Examples of variable sites. (a) SNV and InDel sites in the ycf1 gene in samples from different genetic clusters of H. citrina. (b) SNV sites in the petA-psbJ IGS. (1900, 283, 3565 and 350 represent the positions of the sequences where the corresponding bases are located)

Phylogenetic relationships and population structure

With the rapid development and refinement of sequencing technologies and analytical methods, more plastomic data have been successfully used in phylogenetic studies [41, 42]. We collected 65 samples of H. citrina from seven major production areas in China, namely, Shanxi, Shaanxi, Hunan, Gansu, Chongqing, Zhejiang, and Sichuan. We resequenced these 65 samples and successfully assembled 65 complete plastomes, from which we reconstructed a well-supported phylogenetic tree within H. citrina. This phylogenetic tree divided all the samples into five well-supported lineages, among which genetic Clusters C1 and C2 diverged earliest. In addition, the various population structure analyses used here indicated that ZJ350 from Zhejiang, CQ347 from Chongqing, JS391 and JS311 from Jiangsu, ZZ387 from Zezhou, southwestern Shanxi, and QD362 and QD361 from Qidong, Hunan were grouped into a single genetic cluster (C1) and that despite the differing geographic origins of the samples, the samples were noted as being both ornamental and edible.

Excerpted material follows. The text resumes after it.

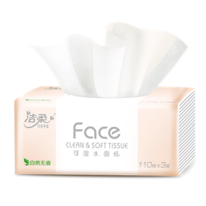 洁柔可湿水面纸家庭装3层110抽 6提/箱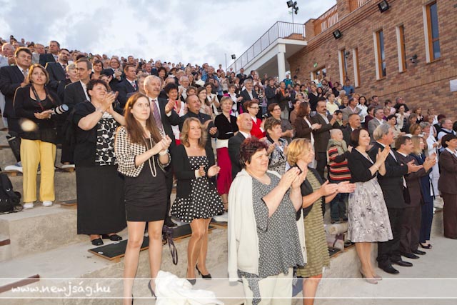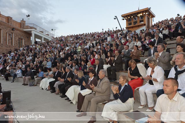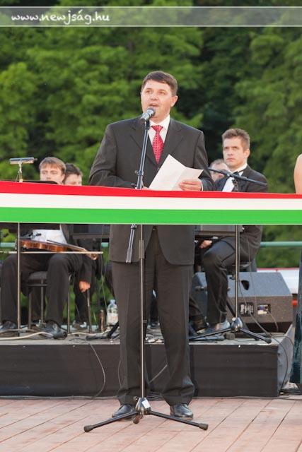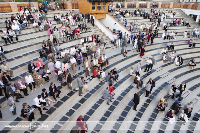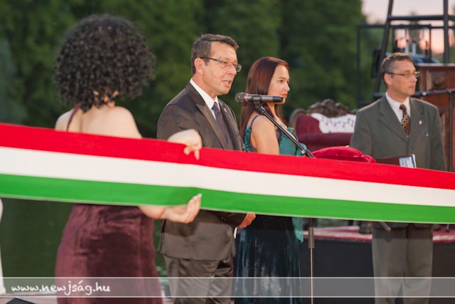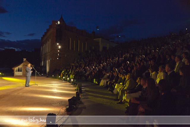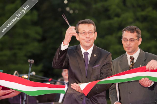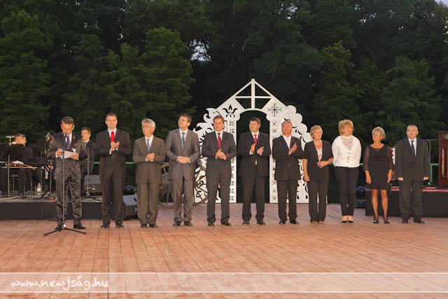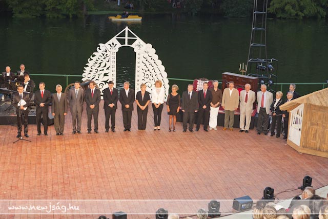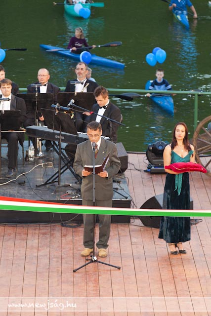 Babák Mihály mindenkit a színpadra szólított akinek valamilyen szerepe volt abban, hogy a Víziszínpad létrejöhetett, Takács Miklóstól, a pontonokra épített eredeti víziszínpad ötletgazdájától, Szuhaj Györgyön keresztül, akinek a skicce adta az alapját az egész projektnek, egészen a tervezésben, az engedélyezésben és a kivitelezésben résztvevőkig. Polgármesterünk a szabadtéri színpadot egészen az Árpád udvarán felállított Nyári Színkörig vezette vissza, majd a 2000-es évet, az első mobil víziszínpadot tekintette fontos mérföldkőnek. 2004-ben született meg egy állandó építésű víziszínpadnak a víziója, aminek következménye a most átadásra kerülő 1026 férőhelyes létesítmény.

Although there are no genes directly regulating flower colour in the plastome, our results suggest that these samples are all related through maternal descent. Our findings are similar to the results of the CSoT markers utilized by Zheng et al. [43] on the genetic diversity of H. citrina genetic resources in China, which clustered the orange–red flowering samples into a single group. In addition, the phylogenetic tree also showed that QX357 from Quxian, Sichuan Province, was clustered with DT396 from Datong, Shanxi Province, GL395 from Guangling, Shanxi Province, and GS348 from Qingyang, Gansu Province, where the clustering of QX357 and DT395 were similar to the results of cluster analysis of H. citrina germplasm resources based on leaf, flower, and root traits used by Liu, Z. et al. [44]. The results reported here indicate that the study of species affinities based on whole plastome data is reliable at multiple taxonomic levels, including the intraspecific level. This is the first panplastome-based study of the genealogical history in H. citrina, which not only adds to our understanding of the intraspecific relationships of H. citrina but also provides geographic locations that should yield new genetic diversity upon renewed exploration, especially in Hunan where very high haplotypic diversity was noted.

Conclusions

We constructed a panplastome of H. citrina using 65 newly assembled plastid genomes. We found that the panplastome of H. citrina was highly conserved in terms of plastome length, gene, and GC content, as it is in other species, yet numerous informative polymorphisms were present throughout the plastome for the study of maternal genetic diversity. In this study, we systematically analysed the nucleotide variability in the panplastome of H. citrina, and in addition to the previously reported regions of high variability, we identified several new regions, such as ycf1 and rpoC2. In this study, based on the complete plastome dataset and using 3 different methods of population structure analysis, the 65 H. citrina samples were categorized into 5 genetic clusters (C1, C2, C3, C4, and C5). By mapping cultivar attributes and geographic location onto the population structure, it was found that C5 from Qidong, Hunan Province, was the only genetic cluster with a narrow geographic distribution and that all H. citrina with ornamental and edible properties clustered into a single early diverging lineage (C1). Therefore, although the plastome does not contain genes regulating flower colour directly, it can be used to resolve maternal relationships that in turn correspond to economically important traits. Overall, the data presented here can be employed in marker-assisted breeding programs and in the identification and preservation of wild and cultivated germplasm.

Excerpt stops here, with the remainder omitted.